The makefile change is dubious at best. It's a poor substitute for using DRIVER_MODULE_ORDERED which will be deterministic and not depend on details of how the static linker (ld.bfd or ld.lld) work.

The other change also seems a bit dubious. Usually you want to detach child devices first, and child device routines should fully clean themselves up from the parent. This sounds like a bug in the parent driver. When the child driver is detached and tears down its interrupt handler, the parent needs to safely handle that case of an interrupt occurring without an attached child. You can get into this today if you just use devctl to detach the child device and leave the parent device around for example. I haven't looked at how the parent/child interrupt thing is working here, but if the parent bus has a custom bus_setup_intr/bus_teardown_intr that attaches the child's interrupt handler to the interrupt handler for the "real" interrupt from the child, then it sounds like some missing synchronization between the "real" interrupt handler in the parent and the custom bus_teardown_intr method.
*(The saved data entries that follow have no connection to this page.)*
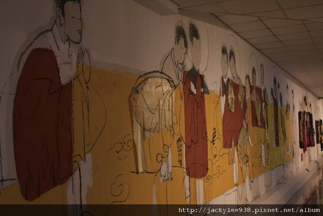 填飽肚子後,就開始參觀,通過入口,沿著階梯往下走進入長廊,左右邊的牆面展示「人間」系列。
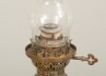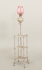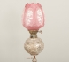 Stomme i vitmetall, kupa i rosafärgat glas, höjd 157 cm, smärre bruksslitage, men brännrör med spricka.
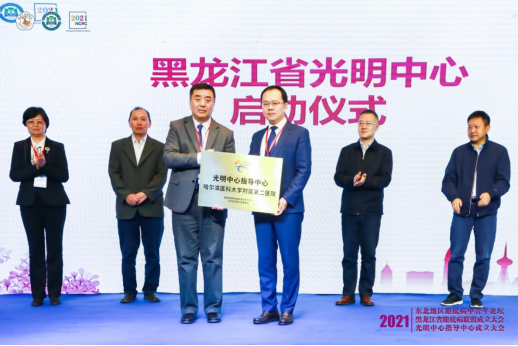国家眼部疾病临床医学研究中心主任、中华医学会眼科学分会副主任委员、上海交通大学附属第一人民医院眼科中心主任许迅教授为哈医大二院光明中心指导中心授牌

I think if you fix that bug you won't need the DRIVER_MODULE_ORDERED change either.

@tijl Do you want/can you to take this?

Use DRIVER_MODULE_ORDERED

Let hdac_detach take down the interrupt handler before detaching child devices and order hdac_driver so hdac_detach is called first.

Remove duplicate hdac_if.h from the module Makefile.

A snd_hda driver is split into multiple child devices but there's only one PCI device with one interrupt handler. The child devices are just the way the driver organizes itself internally but they aren't real devices if you ask me. They all share the same lock for example. The bus_*_intr interface isn't used.

LGTM. I tried hot-unloading and I haven't come across any panic so far.

Since the Makefile paragraph in the commit message can be removed now.

This revision is now accepted and ready to land.Aug 31 2025, 12:56 PM
This revision was automatically updated to reflect the committed changes.